#### Task statement
Only the pictures are to be left out; set down the rest of the records exactly.

Source data:
>>

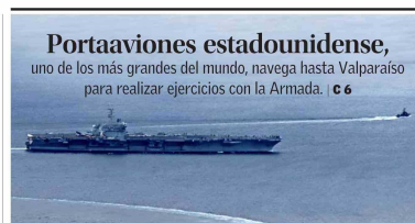
Portaaviones estadounidense, uno de los más grandes del mundo, navega hasta Valparaíso para realizar ejercicios con la Armada. | C 6
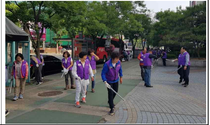
환경정리 및 쓰레기 수거
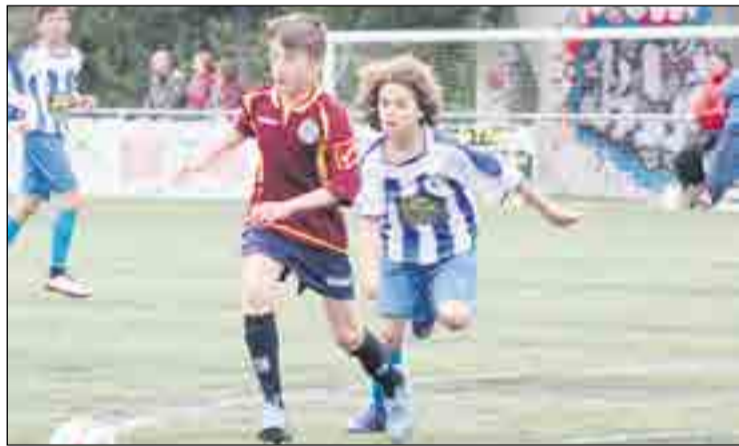
Pau, lateral dret
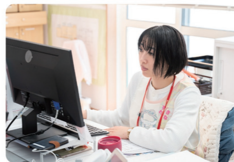
従業員が心身ともに健康で働ける、かつパフォーマンスを最大限發揮できる環境です

働きやすさを追求する職員ファーストの当園は、福利厚生にも力を入れています。社会保険や労働保険の給付金の申請手続きなど、提携する社会保険労務士が正確、スピーディーに対応。保育は健康が資本なので、健康診断や予防接種の補助なども行っています。
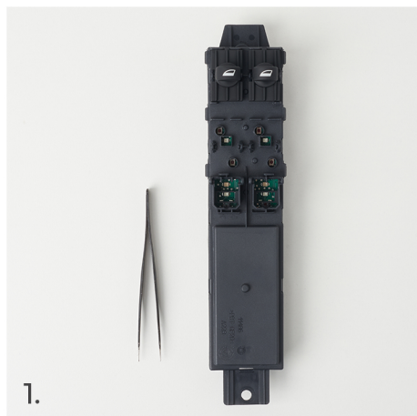
1x špičatá pinzeta
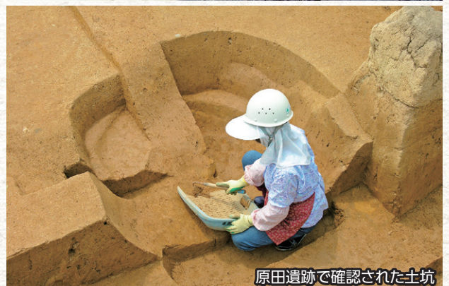
原田遺跡で確認された土坑

はらだ 原田遺跡(奥出雲町)で旧石器時代の遺跡を大規模に調査し、遺構や遺物が確認されました。なかでも約2万年前の土坑は島根県で初めての発見で、墓の可能性が指摘され、注目されました。
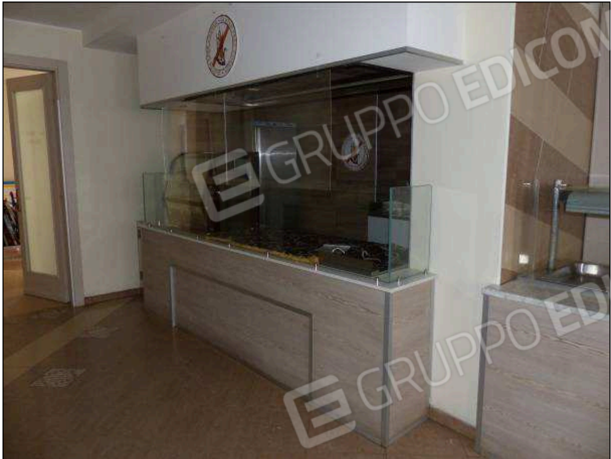
FOTO 63 – Piano terra: corridoio nella sala prima colazione dell'albergo "Hotel ██████".
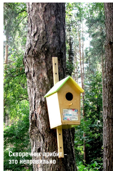
Скворечник прибит – это неправильно

красавца уронили, и у многих уже возникает вопрос: «А есть ли смысл его восстанавливать от очередных побоев?». Может кто-то проверят свое «боевое мастерство» на Мишутку? А не стоит ли этим людям пойти в спортзал или вызвать на ринг самого Николая Валуева?

<<

#### Final answer
Portaaviones estadounidense, uno de los más grandes del mundo, navega hasta Valparaíso para realizar ejercicios con la Armada. | C 6
환경정리 및 쓰레기 수거
Pau, lateral dret
従業員が心身ともに健康で働ける、かつパフォーマンスを最大限發揮できる環境です

働きやすさを追求する職員ファーストの当園は、福利厚生にも力を入れています。社会保険や労働保険の給付金の申請手続きなど、提携する社会保険労務士が正確、スピーディーに対応。保育は健康が資本なので、健康診断や予防接種の補助なども行っています。
1x špičatá pinzeta
原田遺跡で確認された土坑

はらだ 原田遺跡(奥出雲町)で旧石器時代の遺跡を大規模に調査し、遺構や遺物が確認されました。なかでも約2万年前の土坑は島根県で初めての発見で、墓の可能性が指摘され、注目されました。
FOTO 63 – Piano terra: corridoio nella sala prima colazione dell'albergo "Hotel ██████".
Скворечник прибит – это неправильно

красавца уронили, и у многих уже возникает вопрос: «А есть ли смысл его восстанавливать от очередных побоев?». Может кто-то проверят свое «боевое мастерство» на Мишутку? А не стоит ли этим людям пойти в спортзал или вызвать на ринг самого Николая Валуева?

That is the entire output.